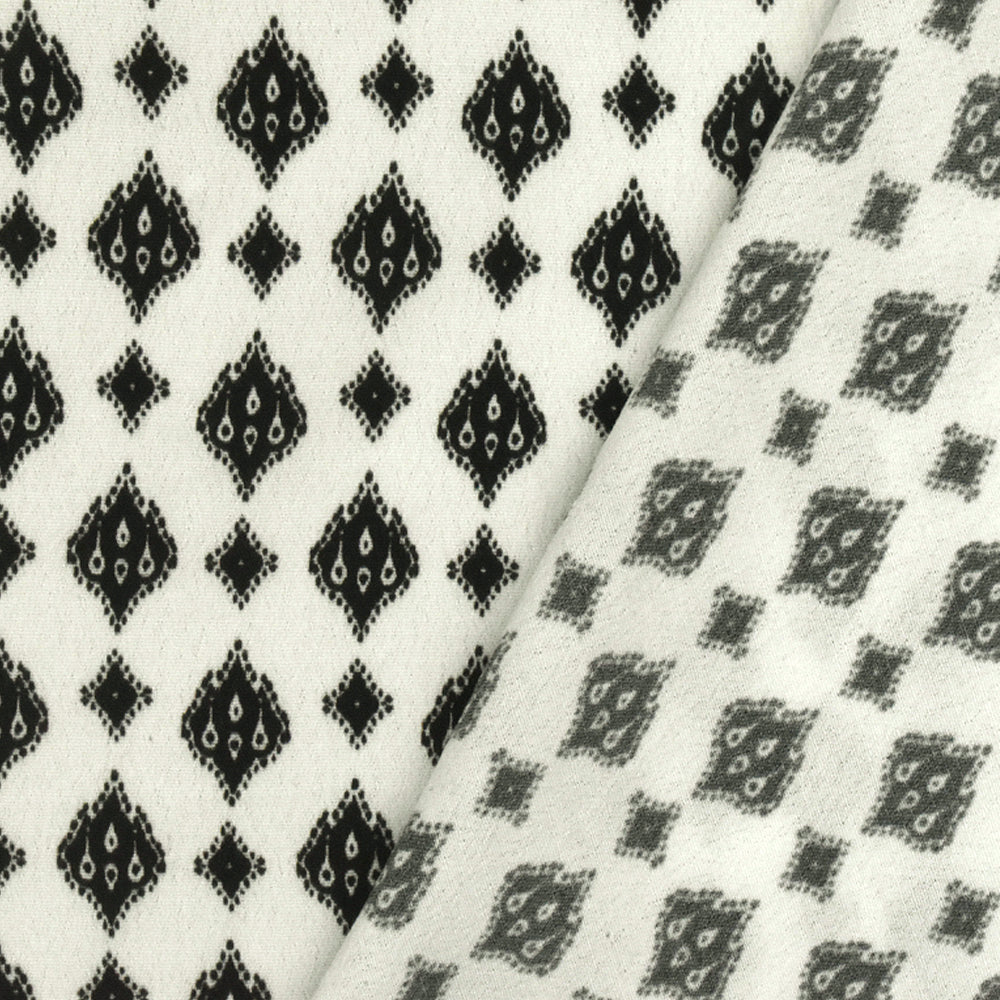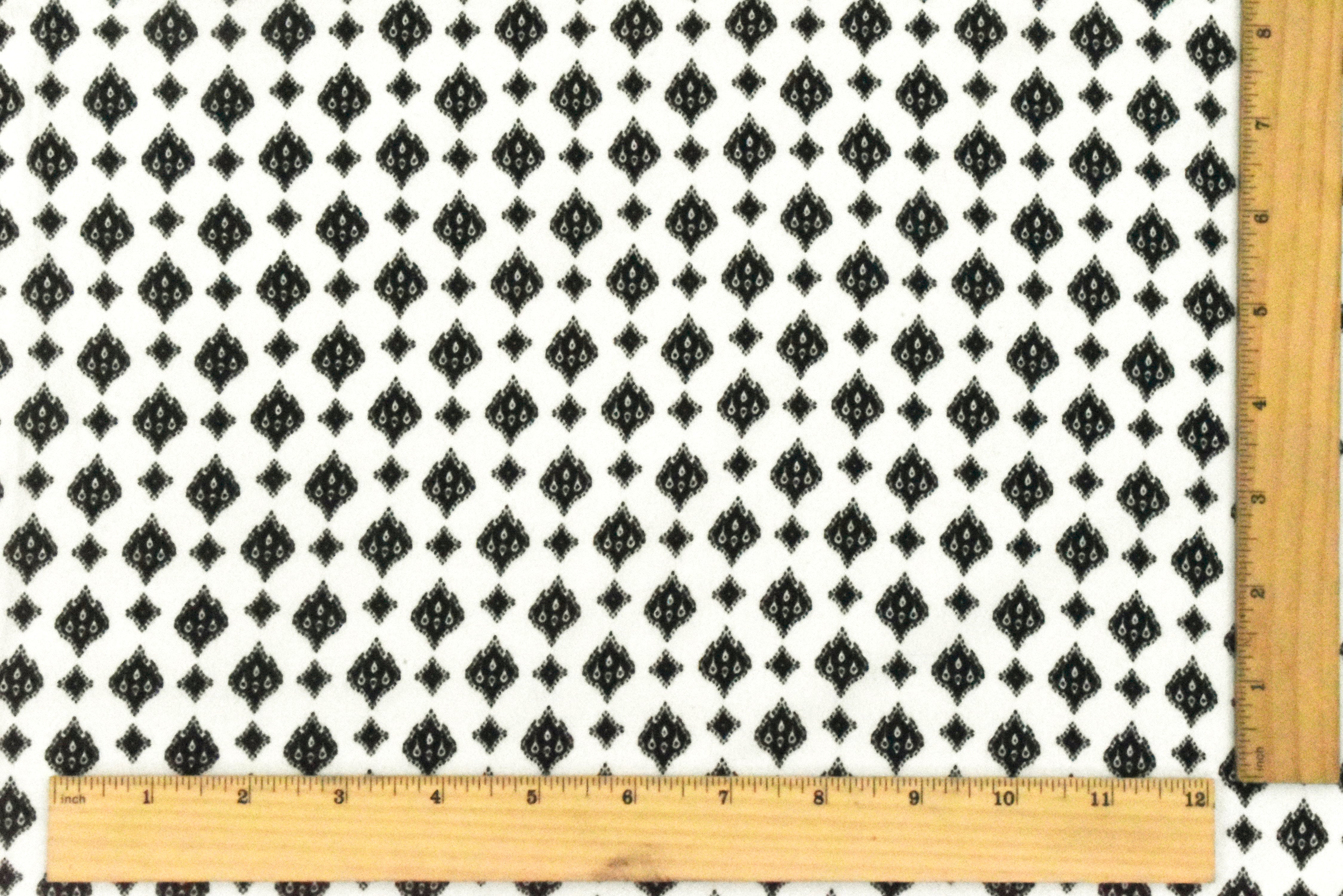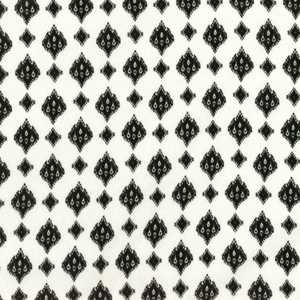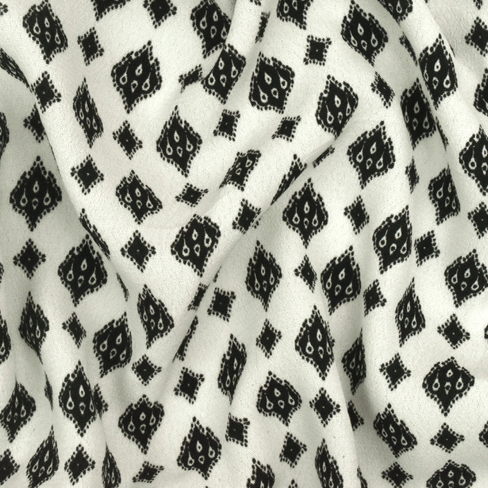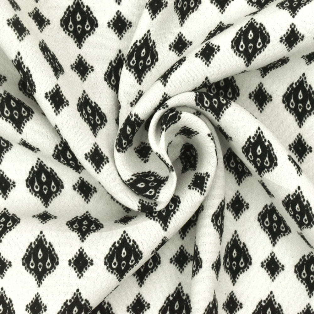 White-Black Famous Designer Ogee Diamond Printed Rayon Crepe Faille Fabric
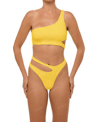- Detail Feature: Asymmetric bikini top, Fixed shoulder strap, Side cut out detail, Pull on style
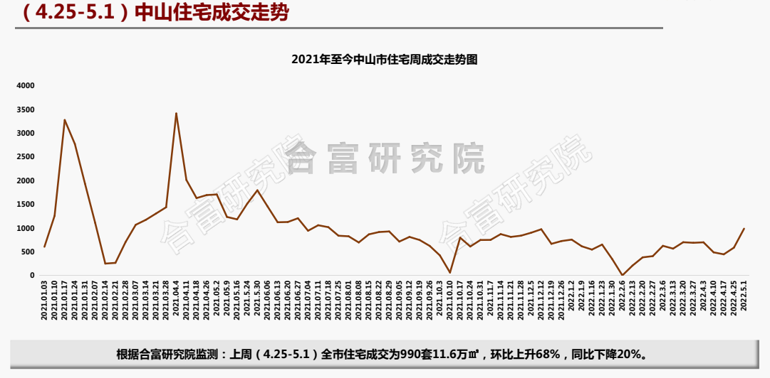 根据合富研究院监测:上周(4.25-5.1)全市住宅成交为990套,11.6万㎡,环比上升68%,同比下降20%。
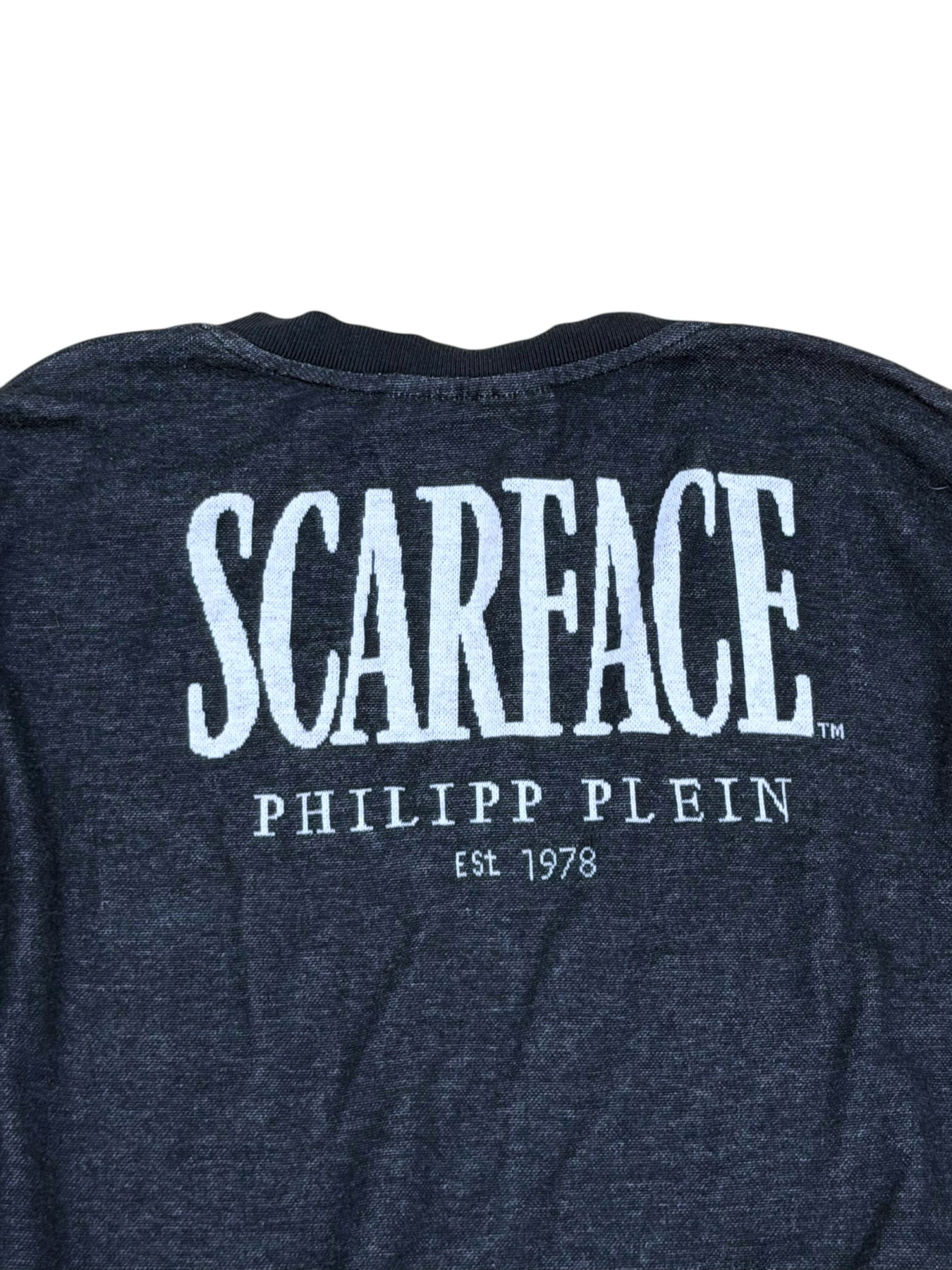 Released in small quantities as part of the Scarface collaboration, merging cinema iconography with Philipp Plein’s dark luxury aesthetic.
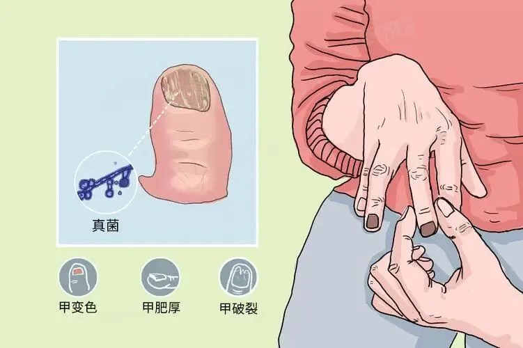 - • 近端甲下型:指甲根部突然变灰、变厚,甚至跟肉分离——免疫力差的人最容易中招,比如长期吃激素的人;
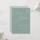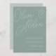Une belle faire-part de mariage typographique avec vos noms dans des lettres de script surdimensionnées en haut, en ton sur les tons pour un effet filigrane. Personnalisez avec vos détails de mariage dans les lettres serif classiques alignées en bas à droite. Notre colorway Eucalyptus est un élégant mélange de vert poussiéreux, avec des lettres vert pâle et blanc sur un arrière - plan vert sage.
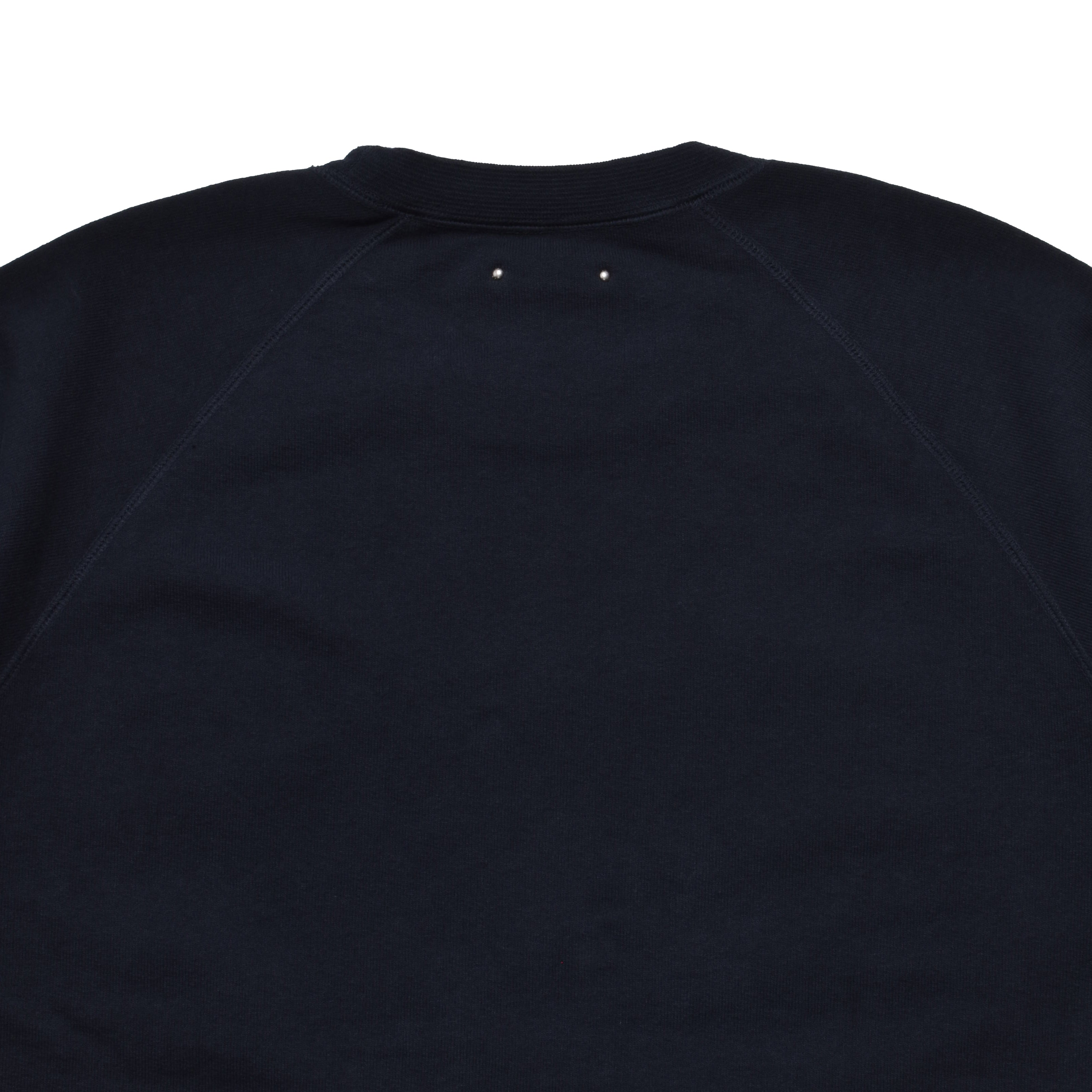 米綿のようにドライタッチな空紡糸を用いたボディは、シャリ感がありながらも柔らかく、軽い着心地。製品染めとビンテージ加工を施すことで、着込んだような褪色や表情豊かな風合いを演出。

● DESCRIPTION OF THE TASK
Leaving out every picture, repeat exactly the lines of the records from the start through the line that has "- • 近端甲下型:指甲根部突然变灰、变厚,甚至跟肉分离——免疫力差的人最容易中招,比如长期吃激素的人;".

● ANSWER BELOW
 White-Black Famous Designer Ogee Diamond Printed Rayon Crepe Faille Fabric
- Detail Feature: Asymmetric bikini top, Fixed shoulder strap, Side cut out detail, Pull on style
 根据合富研究院监测:上周(4.25-5.1)全市住宅成交为990套,11.6万㎡,环比上升68%,同比下降20%。
 Released in small quantities as part of the Scarface collaboration, merging cinema iconography with Philipp Plein’s dark luxury aesthetic.
 - • 近端甲下型:指甲根部突然变灰、变厚,甚至跟肉分离——免疫力差的人最容易中招,比如长期吃激素的人;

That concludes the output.